Effortlessly Convert Audio to SRT with douwantech/faster-whisper Cognitive Actions

22 Apr 2025
Effortlessly Convert Audio to SRT with douwantech/faster-whisper Cognitive Actions

In today’s digital landscape, converting audio files into readable formats is essential for accessibility and content creation. The douwantech/faster-whisper API offers a powerful Cognitive Action that facilitates this process by converting audio files into SRT (SubRip Subtitle) format. This pre-built action streamlines subtitle creation for audio content, making it easier for developers to integrate audio transcription capabilities into their applications.

Prerequisites

Before getting started with the Cognitive Actions, ensure you have the following:

  • An API key for the Cognitive Actions platform.
  • Access to a publicly available audio file in a supported format (e.g., MP3).

Conceptually, authentication is typically done by passing your API key in the request headers.

Cognitive Actions Overview

Convert Audio to SRT

Purpose:
The "Convert Audio to SRT" action transforms audio files into SRT subtitle format, making it easy to create subtitles for audio content.

Category:
Audio Transcription

Input

The input required for this action is defined in the schema below:

  • audioFile (required): A URI pointing to the audio input file. The URI must be publicly accessible and in a proper format (e.g., https://example.com/file.mp3).

Example Input:

{
  "audioFile": "https://replicate.delivery/pbxt/L9QEjk0XBMhzAvMewy8cjuOACT8asXTvUY2JsayxNY5WEP8q/audio.mp3"
}

Output

Upon successful execution, this action typically returns a URI to the generated SRT file.

Example Output:

https://assets.cognitiveactions.com/invocations/60f20a3e-2f25-4304-be65-3388bc12703c/2a140eb7-a199-4eea-be18-06663448d845.srt

Conceptual Usage Example (Python)

The following Python code snippet demonstrates how a developer might invoke the "Convert Audio to SRT" action:

import requests
import json

# Replace with your Cognitive Actions API key and endpoint
COGNITIVE_ACTIONS_API_KEY = "YOUR_COGNITIVE_ACTIONS_API_KEY"
COGNITIVE_ACTIONS_EXECUTE_URL = "https://api.cognitiveactions.com/actions/execute" # Hypothetical endpoint

action_id = "18d906f8-a6b2-4cce-a748-97ec8e7beab2"  # Action ID for Convert Audio to SRT

# Construct the input payload based on the action's requirements
payload = {
    "audioFile": "https://replicate.delivery/pbxt/L9QEjk0XBMhzAvMewy8cjuOACT8asXTvUY2JsayxNY5WEP8q/audio.mp3"
}

headers = {
    "Authorization": f"Bearer {COGNITIVE_ACTIONS_API_KEY}",
    "Content-Type": "application/json"
}

try:
    response = requests.post(
        COGNITIVE_ACTIONS_EXECUTE_URL,
        headers=headers,
        json={"action_id": action_id, "inputs": payload}  # Hypothetical structure
    )
    response.raise_for_status()  # Raise an exception for bad status codes (4xx or 5xx)
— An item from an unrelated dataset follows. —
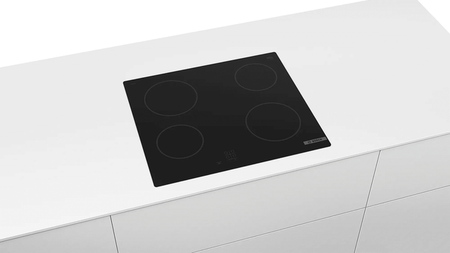 Upgrade your kitchen with the Bosch Series 2 60 cm Four-Zone Electric Hob, model PKE61RAA8B. This sleek and efficient hob features four cooking zones, allowing you to easily prepare multiple dishes at once. With its easy-to-use touch controls and quick heating elements, cooking has never been more convenient. The hob's modern design and durable build make it a stylish and reliable addition to any kitchen. Experience the convenience and quality of Bosch with the Series 2 Electric Hob.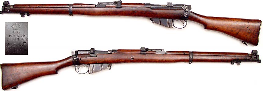 BRITISH No.1 Mk.III bolt-action rifle # H96993 (.303 British) mfg. by Birmingham Small Arms in 1918. Very Good condition with slightly rough but strong bore. All-matching numbers, magazine cut-off slot is present but cutoff lever is not. Buttstock has wooden-plug where unit-disk used to be and an arsenal repair on right side near bolt. Some of the expected handling-marks and scratches on wood. PHOTOS . . . $275. C&R SOLD

    result = response.json()
    print("Action executed successfully:")
    print(json.dumps(result, indent=2))

except requests.exceptions.RequestException as e:
    print(f"Error executing action {action_id}: {e}")
    if e.response is not None:
        print(f"Response status: {e.response.status_code}")
        try:
            print(f"Response body: {e.response.json()}")
        except json.JSONDecodeError:
            print(f"Response body: {e.response.text}")

In this code:

  • Replace YOUR_COGNITIVE_ACTIONS_API_KEY with your actual API key.
  • The action_id variable is set to the ID of the "Convert Audio to SRT" action.
  • The payload is structured according to the specified input requirements, allowing you to send the audio file URI.
  • The output of the completed action will be printed to the console.

Conclusion

The "Convert Audio to SRT" Cognitive Action from the douwantech/faster-whisper API simplifies the process of creating subtitles for audio files. By leveraging this action, developers can enhance accessibility and content engagement in their applications effortlessly. Consider exploring additional use cases such as integrating this action into video processing workflows or providing enhanced accessibility features for your users. Dive into the world of audio transcription and elevate your applications today!